Why do you rob banks?, they asked Willie Sutton — Because that’s where the money is, he replied. Much more money though than any bank holds sits in public coffers, and having control of that money can be lucrative. You wouldn’t have any trouble convincing former Illinois gover-nors now in jail, nor Virginia governor Robert McDonnell (convicted on 11 counts), nor public sector union bosses who feed off public coffers through a corruption scheme kept in place by virtue of the public monies they collect—a vicious circle of taxpayers funding complicit lawmakers.
And Hillary Clinton, she gives new meaning to the term bag lady, having sold favors as Secretary of State for bribes from foreign donors (including Vladimir Putin, so he could acquire American uranium for nuclear weapons).
“Public service” can be profitable, it’s that simple, creating the political machines we see everywhere and that are funded by our confiscated tax dollars. Even locally. If you doubt this, see what happens when you take on public employee raises—masked bandits turn out, disguised as public servants and their unions (also of interest, see story, page 7).
Now, we come to William Krisstofer Wolf, the modern day outlaw set up in an FBI sting last month at a Livingston truck stop (see page 17) after an undercover agent allegedly sold him an illegal weapon.
Wolf has it in for corrupt “public servants.” He speaks of peaceful revolution, but also violent anarchy, and according to the FBI talks about taking out public officials (not on a date). He sees what others see and complain about, right and left, abuses of power. Except Wolf didn’t limit his dissent to bumper stickers, he allegedly bought an automatic shotgun (from the FBI) after threatening to burn down the Gallatin County courthouse.

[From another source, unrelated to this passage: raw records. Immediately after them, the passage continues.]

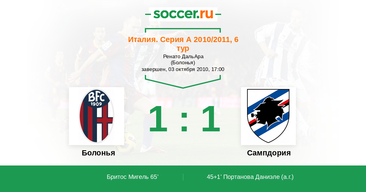 Протокол матча Болонья против Сампдория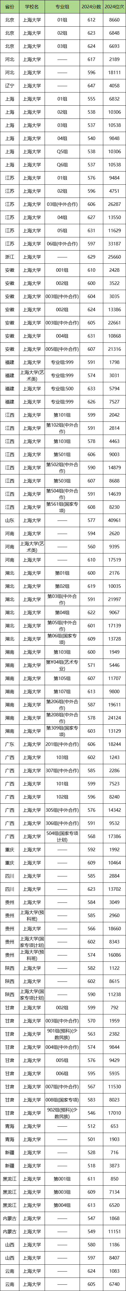 以下为2024年高考上海大学各省市录取分数线: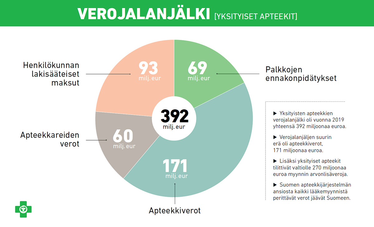 Verojalanjäljen suurin erä olivat apteekkiverot. Apteekkiveron lisäksi apteekkarit maksoivat veroja yhteensä 60 miljoonaa euroa.
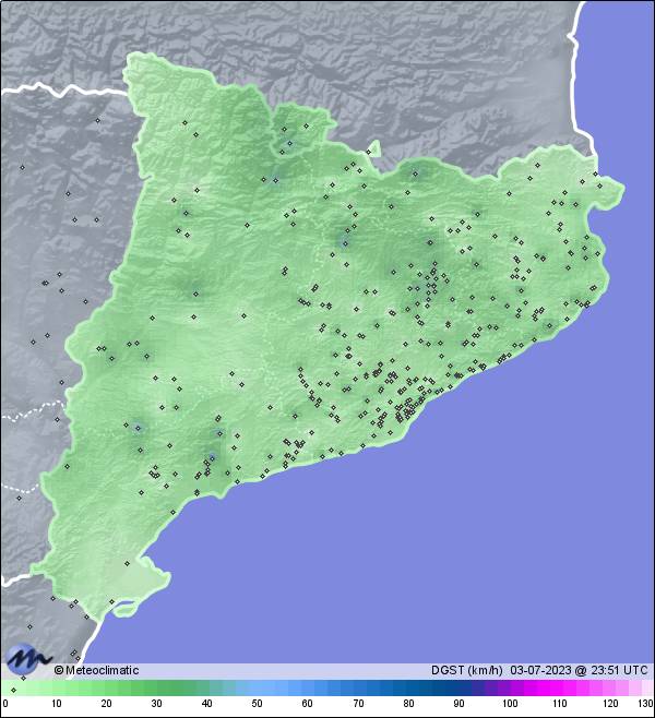 | 03-07-2023 | | | Máx. | Mín. | | | Temperatura | 29,7 | 20,3 | °C | | Humedad | 94 | 41 | % | | Viento | 32 | n/a | km/h | | Presión | 1.020 | 1.016 | hPa | | Precipitación | 0,0 | mm |

Wolf had planned to form “Committees of Safety” across Montana, starting in Gallatin County, that would challenge local authorities, and made his intentions known via internet talks. On the heels of the Clive Bundy armed showdown with federal agents in Utah last year, where dozens of armed supporters turned out on horseback to take their stand on Bundy’s behalf against the feds, you can bet Wolf’s call to arms got the attention of the federal government.
Having heard about this outlaw, and his comments, we were surprised to find he comes across rather calm and coherent regarding his frustrations, which resemble the sentiments of so many voicing dissent these days, and then, in his plan to exert force, resembling historical revolutionaries fed up with the status quo: Bill Ayers, Bobby Seale, Samuel Adams, advocates all of violence against government (friend-of-Barack Bill Ayers having held a professorship at the Univer-sity of Illinois, honored for his intent to kill and destroy).
But talk of violence against Gallatin county law officers? That’s just not right (We receive constant reports on their service and rescue efforts). So, local authorities bought a BearCat armored assault vehicle, which Wolf, at a Bozeman City Commission meeting last year, said he was prepared to handle.
Wolf said, also, in his internet talks before his arrest, that he was considering a run for Gallatin County Sheriff, but opted instead to form his Committees of Safety as a means of enforcing justice. Conceivably then, Wolf could have held office, like other outlaws, through the ballot box or as public officials.
It is, after all, a historical tradition. From Vlad Putin, to Montana Copper Kings, to the grifter socio-paths Bill and Hillary Clinton, government attracts criminal minds, and the more power vested in government, the more criminals are incentivized to seize it, and exploit it.
One wonders then why so many today, oblivious to history, seek to empower government, rather than bind it according to our founding principles, which would obviate the need for violent revolutionaries, and give criminals less incentive to hold office. Instead of robbing taxpayers, like Willie Sutton they’d then have to settle for robbing banks.